Question

Difference in FPKM values of lncRNA when using different annotation files

0

Entering edit mode

6.9 years ago

piyushjo ▴ 710

Hi,

I was using gencode mouse annotation file vM17 for quantifying genes for RNA-seq. I am also interested in lncRNA quantification. I used two different annotation files. First to quantify all transcripts I used the comprehensive annotation file (primary assembly). Then to quantify just the lncRNA, I used the gencode mouse lncRNA annotation file. Now I know that the comprehensive files should have all the lncRNA, so I compared the FPKM values calculated from comprehensive and lncRNA annotation files.

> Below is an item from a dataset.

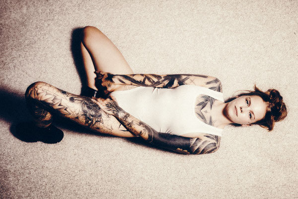 Und plötzlich liegt sie – scheinbar schwerelos – auf hellem Teppichboden. Eine Ruhe durchzieht das Bild, als hätte sich der Raum für einen Moment angehalten. Die Tätowierungen auf ihrer Haut erzählen stumm Geschichten, die von fernem Rauschen, von Pflanzen, Mustern und vielleicht auch Narben berichten. Es ist eines dieser Bilder, bei dem man länger verweilt, weil man es nicht sofort vollständig begreift.
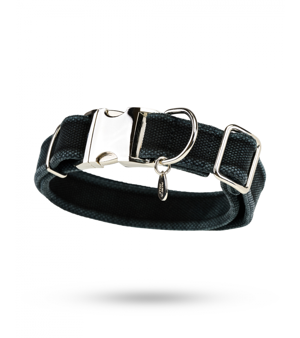 Morbido nastro in cotone stile 'Urban Street', con tenuta estrema. Struttura minimal, regolabile con un solo passaggio grazie all'accessorio scorrevole. Regolazione taglie da cm 40 a cm 70  (da M a L). Indicato per cani di taglia medio/grande.Fibbia in alluminio ultra leggera, finitura palladio.

What I observe is that the FPKM values are different. The trend is same, so for example in three condition if using comprehensive annotation file I get following values :A= 2, B=4, C=8; then when I use lncRNA annotation file I get A=6, B=11 , C=23 (example for representation purpose only). I just wanted to ask opinion of experts if I should use FPKM values from lncRNA annotation or the comprehensive file.

I am assuming that in the lncRNA notation, when the reads fall in a region that might overlap with mRNA, it is counted towards lncRNA; as there is no mRNA annotation. However, in case of comprehensive annotation; the read is decided based on where the overlap is more prominent. This is just my thinking.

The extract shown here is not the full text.